Серопузо, не будь дурак, скомандовал, чтоб его взяли на руки. Гаврики взяли, перенесли. А куда денешься? Сами перемазались, теперь от них смердело.
— Это ж теперь к Мишке близко не подойдешь, — догадался Серопузо. — Учует, гад. Беда, ребятки. Придется портки снять, обувку тоже и босичком, босичком. Ничего, ночь теплая.
Разулись, разделись. Серопузо вновь стал впереди, пошел по тропинке, бдительно посвечивая фонариком.
В окнах странника, там, где горница, теплился свет — то ли керосинка горела, то ли настольная лампа.
Серопузо подошел, заглянул сквозь стекло.
На покрытом клеенкой столе ровно горела свеча, в вазочке стояли полевые цветы. На топчане, привалившись спиной к бревенчатой стене, полулежал и что-то тихо, не разберешь, говорил отец Михаил, а за столом на древнем стуле сидела принаряженная красавица Фрося и, подперев щеку рукой, слушала.
Глава 17. Не ошиблись, господин хороший?
Директор З., крупный упитанный баварец шестидесяти лет от роду, всего лишь навсего моргнул. Эффект от этого моргания оказался совершенно неожиданным — перед ним на столе возник вдруг конверт.

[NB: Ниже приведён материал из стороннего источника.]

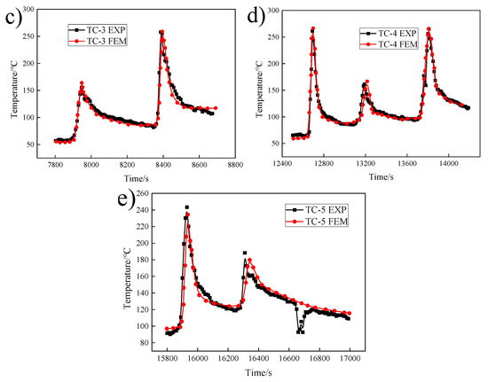 Comparison between the experimental value of temperature at TC-1 to 5 and numerical simulation: (a–e).

Конверт был из плотной желтой бумаги, без марки и каких-либо оттисков. От него приятно пахло духами.
Директор похлопал глазами и заглянул внутрь. Вынул письмо, прочитал: «Привет, хапуга», — и почувствовал, как тревожно забилось сердце. Вот оно. Вот он, знак беды. Но, может, это чья-то шутка, невинный розыгрыш? Хотя, кто осмелится? Не дети уже.

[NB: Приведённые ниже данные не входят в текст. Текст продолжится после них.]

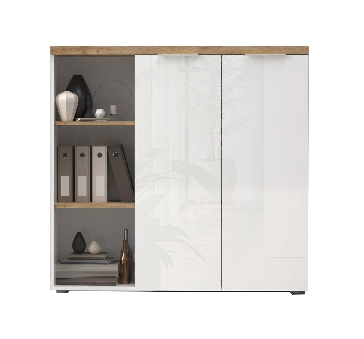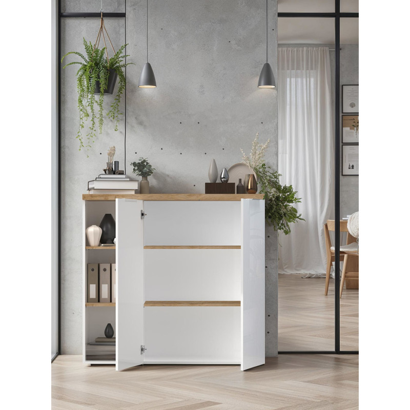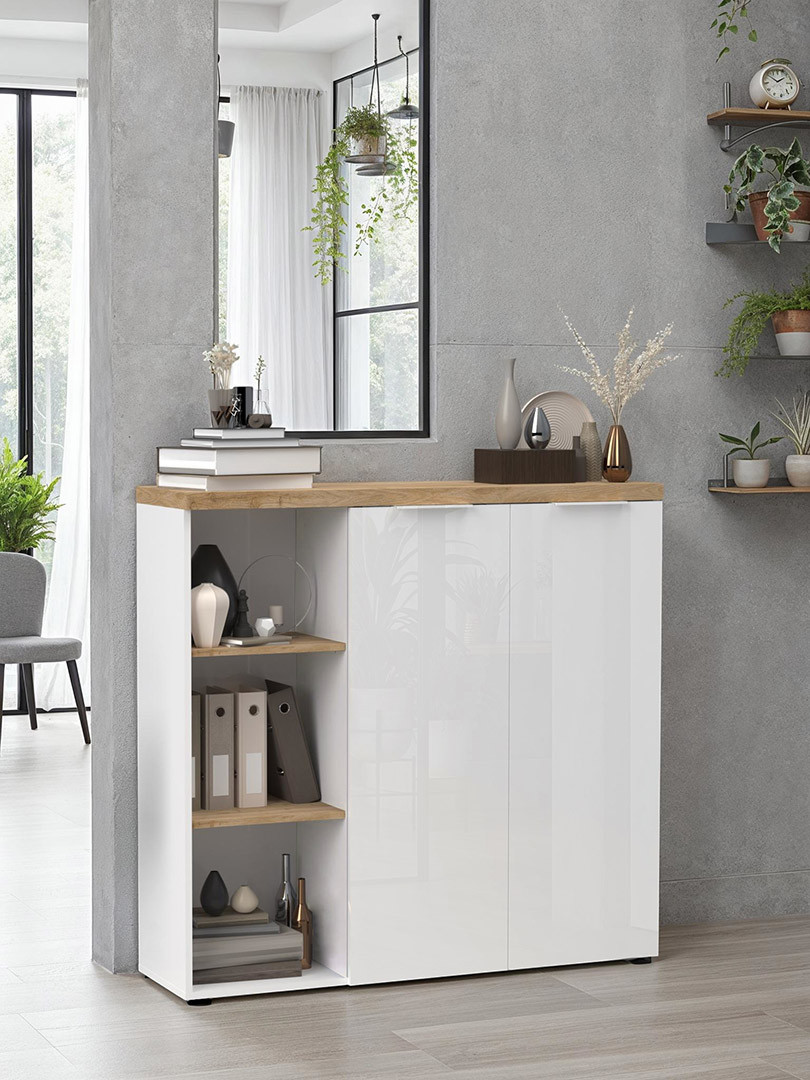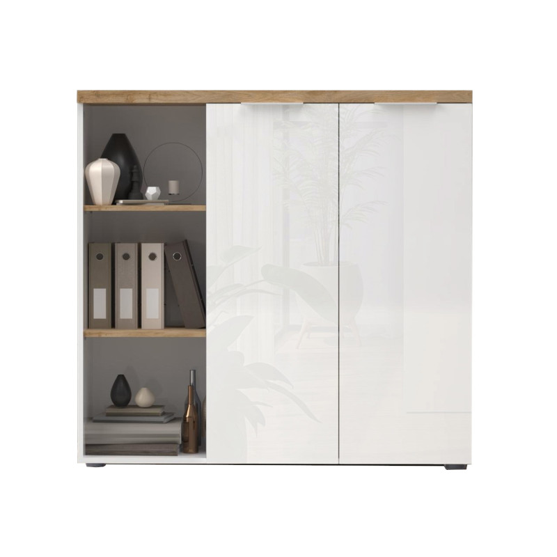 Armoire de bureau moderne H 115 cm blanc laqué/chêne Daisy | ![]() | Longueur: 80 cm Hauteur: 115 cm Profondeur: 34 cm | En stock 3 à 4 semaines | 225 € 00 | ||

— Читай дальше, — сказал кто-то за спиной.
Директор, голова которого давно уже утратила эластичную способность поворачиваться в разные стороны, крутнулся вместе с креслом. Нет, сзади никого. Сзади, как и положено, стена, убранная панелью из красного дерева, на стене в разворот национальный флаг, чтоб знали — перед ними патриот отечества. Все чтоб знали. Больше ничего. Говорить нечему и некому.
— Давай, давай, дядя, — сказали совсем рядом.
Кто-то при этом хихикнул — явно не тот, кто говорил, так как получилось наложение: один говорит — другой тем временем хихикает. Два шутника.
Директор повернулся вместе с креслом, попробовал встать и не смог. Что-то удерживало.
Попытался снять телефонную трубку — та была, как приклеенная. Нажал кнопку вызова секретарши — та не вдавливалась.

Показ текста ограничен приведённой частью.